**WHAT THE EXERCISE ASKS**
Every line below from the one with "This contemporary wooden" through the one with "Fue la modelo" is to be repeated exactly, with no picture among them.

**EXTRACTED MATERIAL**
▬▬▬

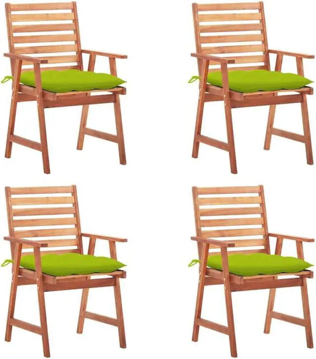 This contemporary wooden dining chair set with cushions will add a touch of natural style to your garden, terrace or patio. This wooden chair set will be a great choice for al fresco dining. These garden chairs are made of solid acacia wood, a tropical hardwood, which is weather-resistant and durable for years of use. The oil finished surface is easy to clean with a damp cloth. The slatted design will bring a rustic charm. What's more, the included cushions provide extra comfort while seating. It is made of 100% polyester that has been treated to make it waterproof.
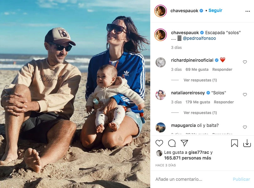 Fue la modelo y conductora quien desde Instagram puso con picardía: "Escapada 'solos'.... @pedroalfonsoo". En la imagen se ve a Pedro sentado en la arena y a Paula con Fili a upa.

▬▬▬

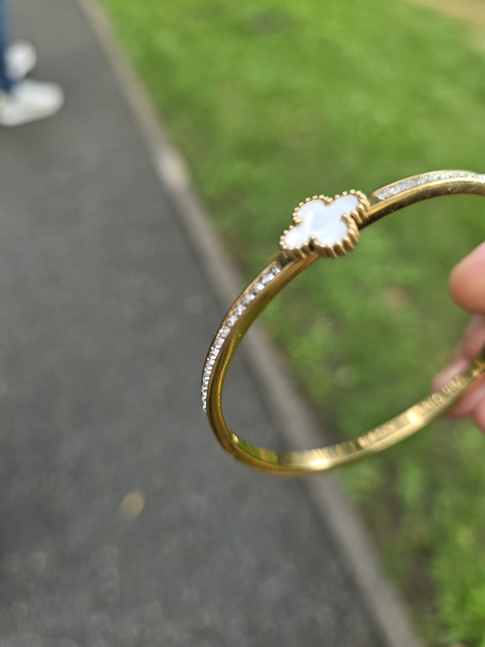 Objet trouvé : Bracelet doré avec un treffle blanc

▬▬▬

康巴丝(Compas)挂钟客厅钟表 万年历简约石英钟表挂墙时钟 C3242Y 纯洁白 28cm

▬▬▬

**SOLUTION FOR THIS TASK**
 This contemporary wooden dining chair set with cushions will add a touch of natural style to your garden, terrace or patio. This wooden chair set will be a great choice for al fresco dining. These garden chairs are made of solid acacia wood, a tropical hardwood, which is weather-resistant and durable for years of use. The oil finished surface is easy to clean with a damp cloth. The slatted design will bring a rustic charm. What's more, the included cushions provide extra comfort while seating. It is made of 100% polyester that has been treated to make it waterproof.
 Fue la modelo y conductora quien desde Instagram puso con picardía: "Escapada 'solos'.... @pedroalfonsoo". En la imagen se ve a Pedro sentado en la arena y a Paula con Fili a upa.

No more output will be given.